REQUIREMENT
Please retype every record below exactly, leaving the pictures out.

______________________________

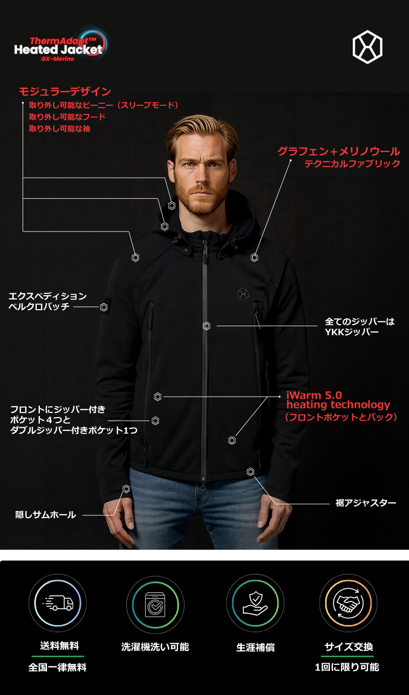 最新のAI温度制御テクノロジーと自由にパーツを着脱できるモジュラーデザインを融合し、さらに高伝導・高耐久を誇るグラフェン素材と、しなやかなメリノウールを組み合わせた、まさに「革新を纏うジャケット」
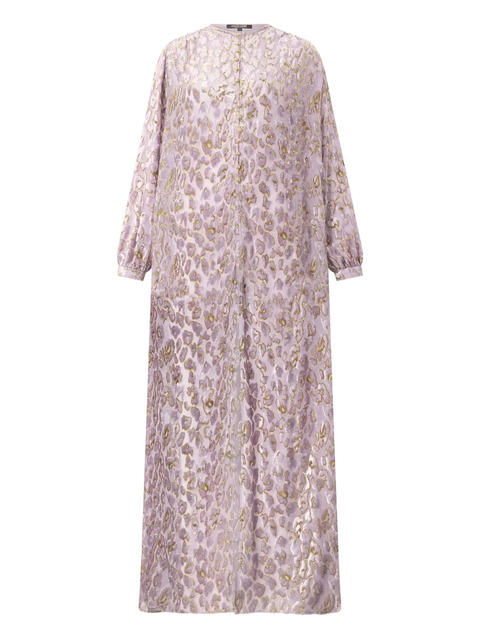 lilac pink jaguar skin print button fastening long sleeves round neck floor length
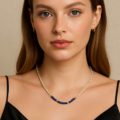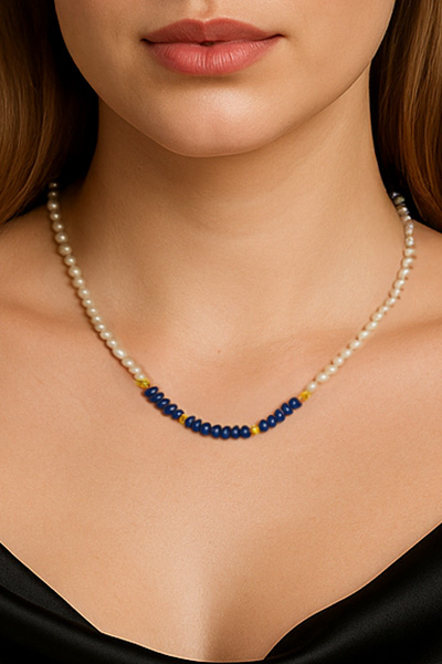 This Chinese made Necklace is created with blue Lapis Lazuli stones that hang against Freshwater Pearls. The Necklace has 16 inches of Lapis Lazuli stones and Pearls, with 2 inches of additional adjustment available, to lengthen the Necklace. Small gold beads highlight the design. This hand-crafted piece is just beautiful!
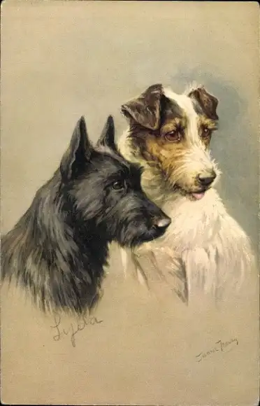 Künstler Ak Hundeportrait, zwei Terrier
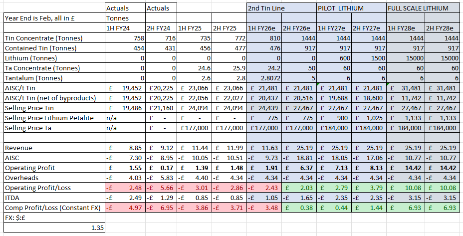 My model is much more modest and nearer term. It’s based on an extrapolation of known facts. I’m working on a doubling of tin, and a bit more than a doubling of Tantalum plus a 30Ktpa Lithium operation at Lithium Ridge. A 2X of today’s 2.75p to get to 5.5p a share seems reasonable over 12-24 months - if things work out - and assuming that ATM can increase production, reduce costs, see higher tin prices, higher lithium prices and that SQM proceeds with Lithium ridge.
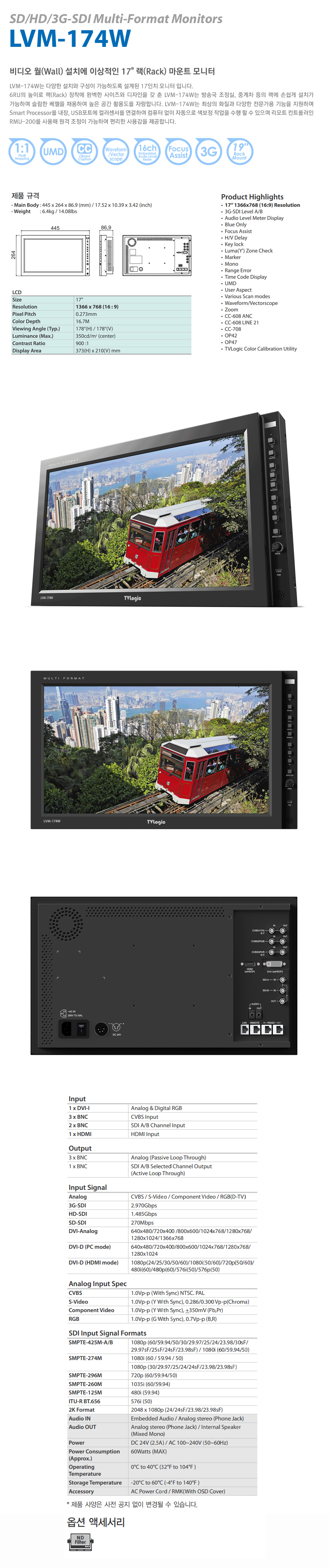 티비로직 LVM-174W /17인치 랙마운트 멀티포맷 모니터/Waveform/Vector
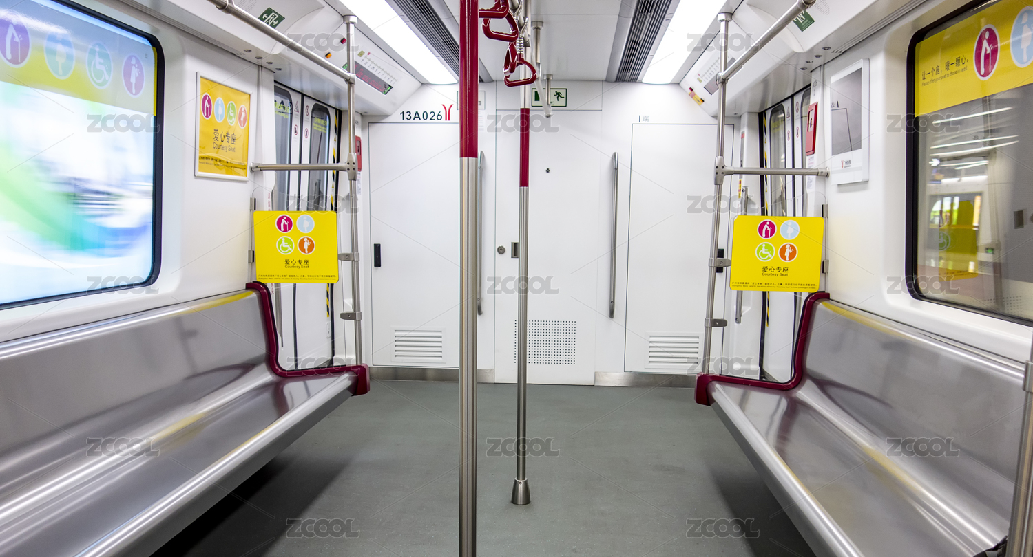 沒(méi)有人的廣州地鐵車廂內(nèi)部環(huán)境
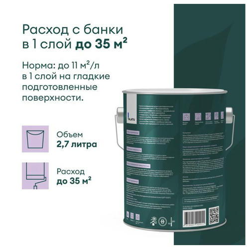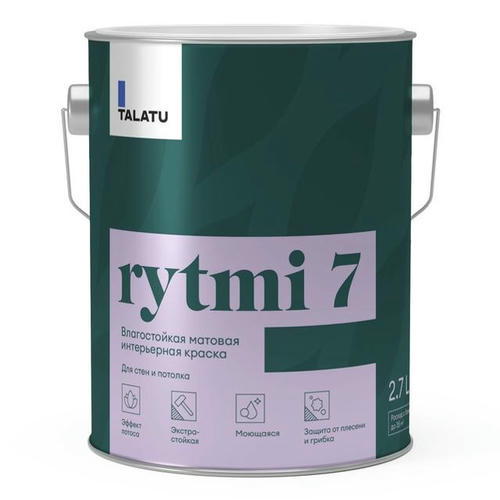 Водно-дисперсионная полиакриловая полуматовая краска для стен и потолка. Для окрашивания стен и потолков в помещениях с высокой эксплуатационной нагрузкой, с нормальной и повышенной влажностью, для коридоров, кухонь, ванных комнат. По бетонным, оштукатуренным, шпатлеванным поверхностям, гипсокартону, стеклообоям. Состав: вода, наполнители, диоксид титана (База А), дисперсия акрилового сополимера, добавки. Инструкция по применению. 1. Подготовка поверхности. Защитить неокрашиваемые места. Поверхность очистить от пыли, загрязнений, зашпатлевать, отшлифовать и нанести грунтовку talaalmi. Ремонтируемую поверхность расчистить от отслаивающейся краски, зашпатлевать, отшлифовать. Покрытия из алкидных и масляных красок матировать шлифованием. Старую побелку удалить. Нанести грунтовку talaalmi на впитывающие поверхности. 2. Условия выполнения работ. Температура воздуха, грунтовки и обрабатываемой поверхности должна находиться в интервале от 10С до 25С при относительной влажности воздуха не более 80%. 3. Окрашивание. Краску перемешать до однородности. Окрашивая первый слой ручным инструментом, разбавить краску чистой водой до 10% от объёма, второй слой уже не разбавлять или разбавить до нужной вязкости не более 10% от объёма. При безвоздушном распылении – не разбавлять. 4. Уход за покрытием. Покрытие высыхает за 24 часа. Очищать от пыли мягкой сухой щеткой или влажной губкой через 30 суток после окрашивания. Многократная влажная уборка со средствами без хлора, спиртов и абразивов.
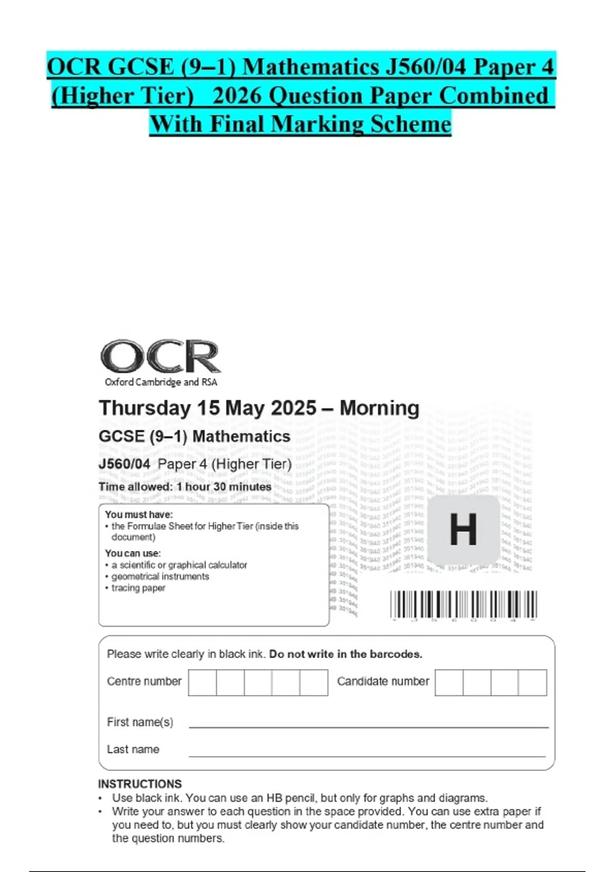 OCR GCSE (9–1) Mathematics J560/04 Paper 4 (Higher Tier) 2026 Question Paper Combined With Final Marking Scheme
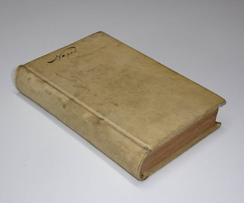 8vo. (XVI),411,(36 index),(1 blank) p. Vellum 16 cm (Ref: Not in Schweiger) (Details: Five thongs laced through both joints. Title in red & black. Engraved printer's device on the title, depicting Hermes and Athena, between them the fountain struck by Pegasus, it's motto: 'Ex hoc fonte licet cuique levare sitim') (Condition: Vellum soiled. 'Nepos' in curly ink letters on both boards. Some old ink annotations in the margins) (Note: This is a school edition with notes of the only surviving complete work of the Roman historian Cornelius Nepos, ca. 100-24 B.C., De excellentibus ducibus exterrarum gentium, also known as De excellentibus Viris. This very well preserverd schoolbook was produced after the manner of the Dutch schoolmaster Johannes Minellius, an industrious and successfull compiler of schoolbooks. He published the works of several classical authors with ample notes which were easy to understand by young schoolboys who were still inexperienced in Latin, or just lazy. Minellius, or Min-ellius, born ca. 1625, was educated at the Schola Erasmiana at Rotterdam, and was from 1650 onward till his death in 1683 a Praeceptor at that school. Minellius' schoolbooks with accompanying annotations were a tremendous success. In 1653 he published his first, Sallustius, then Valerius Maximus in 1661, Florus in 1664, Terence in 1665, Vergil in 1666, Horace in 1668 and Ovid in 1684. His books were reissued many times, and his manner was followed by schoolmasters all over Europe, who wanted to participate in his success and who produced school-editions ad modum Joanni Minellii. At the end of the 17th and in the 18th century his editions were widely used on Dutch grammar schools. After that they were barred from the schools because they were too unscientific, and offered too much help. They were esteemed to be pontes asinorum (Van der Aa 12,2 p. 873). Minellius never published a Nepos edition. The printer/bookseller of this Nepos nevertheless announces on the very first page of the Lectori that this is an edition cum notis Minellii. In the following preface the anonymous compiler however eases off the pedal, and explains that Minellius never touched Nepos, but that the publisher asked him to make a Nepos secundum ejusdem institutum. Cornelius Nepos is the author of the first surviving ancient collection of biographies. De excellentibus etc. contains the lives of 20 Greek generals, and the Carthaginians Hamilkar and Hannibal. Nepos corresponded with Cicero and was close with Cicero's friend Atticus. The collection served probably as a model for Plutarch's Vitae Parallelae. In his own days and in late antiquity Nepos was considered to be a source of importance. The churchfather Hieronymus included him in his De viris illustribus (392 A.D.) in his list of great authors and historians) (Collation: *8, A-2E8 (leaf 2E8 verso blank)) (Photographs on request)

______________________________

SOLUTION TO THE PROBLEM
 最新のAI温度制御テクノロジーと自由にパーツを着脱できるモジュラーデザインを融合し、さらに高伝導・高耐久を誇るグラフェン素材と、しなやかなメリノウールを組み合わせた、まさに「革新を纏うジャケット」
 lilac pink jaguar skin print button fastening long sleeves round neck floor length
 This Chinese made Necklace is created with blue Lapis Lazuli stones that hang against Freshwater Pearls. The Necklace has 16 inches of Lapis Lazuli stones and Pearls, with 2 inches of additional adjustment available, to lengthen the Necklace. Small gold beads highlight the design. This hand-crafted piece is just beautiful!
 Künstler Ak Hundeportrait, zwei Terrier
 My model is much more modest and nearer term. It’s based on an extrapolation of known facts. I’m working on a doubling of tin, and a bit more than a doubling of Tantalum plus a 30Ktpa Lithium operation at Lithium Ridge. A 2X of today’s 2.75p to get to 5.5p a share seems reasonable over 12-24 months - if things work out - and assuming that ATM can increase production, reduce costs, see higher tin prices, higher lithium prices and that SQM proceeds with Lithium ridge.
 티비로직 LVM-174W /17인치 랙마운트 멀티포맷 모니터/Waveform/Vector
 沒(méi)有人的廣州地鐵車廂內(nèi)部環(huán)境
 Водно-дисперсионная полиакриловая полуматовая краска для стен и потолка. Для окрашивания стен и потолков в помещениях с высокой эксплуатационной нагрузкой, с нормальной и повышенной влажностью, для коридоров, кухонь, ванных комнат. По бетонным, оштукатуренным, шпатлеванным поверхностям, гипсокартону, стеклообоям. Состав: вода, наполнители, диоксид титана (База А), дисперсия акрилового сополимера, добавки. Инструкция по применению. 1. Подготовка поверхности. Защитить неокрашиваемые места. Поверхность очистить от пыли, загрязнений, зашпатлевать, отшлифовать и нанести грунтовку talaalmi. Ремонтируемую поверхность расчистить от отслаивающейся краски, зашпатлевать, отшлифовать. Покрытия из алкидных и масляных красок матировать шлифованием. Старую побелку удалить. Нанести грунтовку talaalmi на впитывающие поверхности. 2. Условия выполнения работ. Температура воздуха, грунтовки и обрабатываемой поверхности должна находиться в интервале от 10С до 25С при относительной влажности воздуха не более 80%. 3. Окрашивание. Краску перемешать до однородности. Окрашивая первый слой ручным инструментом, разбавить краску чистой водой до 10% от объёма, второй слой уже не разбавлять или разбавить до нужной вязкости не более 10% от объёма. При безвоздушном распылении – не разбавлять. 4. Уход за покрытием. Покрытие высыхает за 24 часа. Очищать от пыли мягкой сухой щеткой или влажной губкой через 30 суток после окрашивания. Многократная влажная уборка со средствами без хлора, спиртов и абразивов.
 OCR GCSE (9–1) Mathematics J560/04 Paper 4 (Higher Tier) 2026 Question Paper Combined With Final Marking Scheme
 8vo. (XVI),411,(36 index),(1 blank) p. Vellum 16 cm (Ref: Not in Schweiger) (Details: Five thongs laced through both joints. Title in red & black. Engraved printer's device on the title, depicting Hermes and Athena, between them the fountain struck by Pegasus, it's motto: 'Ex hoc fonte licet cuique levare sitim') (Condition: Vellum soiled. 'Nepos' in curly ink letters on both boards. Some old ink annotations in the margins) (Note: This is a school edition with notes of the only surviving complete work of the Roman historian Cornelius Nepos, ca. 100-24 B.C., De excellentibus ducibus exterrarum gentium, also known as De excellentibus Viris. This very well preserverd schoolbook was produced after the manner of the Dutch schoolmaster Johannes Minellius, an industrious and successfull compiler of schoolbooks. He published the works of several classical authors with ample notes which were easy to understand by young schoolboys who were still inexperienced in Latin, or just lazy. Minellius, or Min-ellius, born ca. 1625, was educated at the Schola Erasmiana at Rotterdam, and was from 1650 onward till his death in 1683 a Praeceptor at that school. Minellius' schoolbooks with accompanying annotations were a tremendous success. In 1653 he published his first, Sallustius, then Valerius Maximus in 1661, Florus in 1664, Terence in 1665, Vergil in 1666, Horace in 1668 and Ovid in 1684. His books were reissued many times, and his manner was followed by schoolmasters all over Europe, who wanted to participate in his success and who produced school-editions ad modum Joanni Minellii. At the end of the 17th and in the 18th century his editions were widely used on Dutch grammar schools. After that they were barred from the schools because they were too unscientific, and offered too much help. They were esteemed to be pontes asinorum (Van der Aa 12,2 p. 873). Minellius never published a Nepos edition. The printer/bookseller of this Nepos nevertheless announces on the very first page of the Lectori that this is an edition cum notis Minellii. In the following preface the anonymous compiler however eases off the pedal, and explains that Minellius never touched Nepos, but that the publisher asked him to make a Nepos secundum ejusdem institutum. Cornelius Nepos is the author of the first surviving ancient collection of biographies. De excellentibus etc. contains the lives of 20 Greek generals, and the Carthaginians Hamilkar and Hannibal. Nepos corresponded with Cicero and was close with Cicero's friend Atticus. The collection served probably as a model for Plutarch's Vitae Parallelae. In his own days and in late antiquity Nepos was considered to be a source of importance. The churchfather Hieronymus included him in his De viris illustribus (392 A.D.) in his list of great authors and historians) (Collation: *8, A-2E8 (leaf 2E8 verso blank)) (Photographs on request)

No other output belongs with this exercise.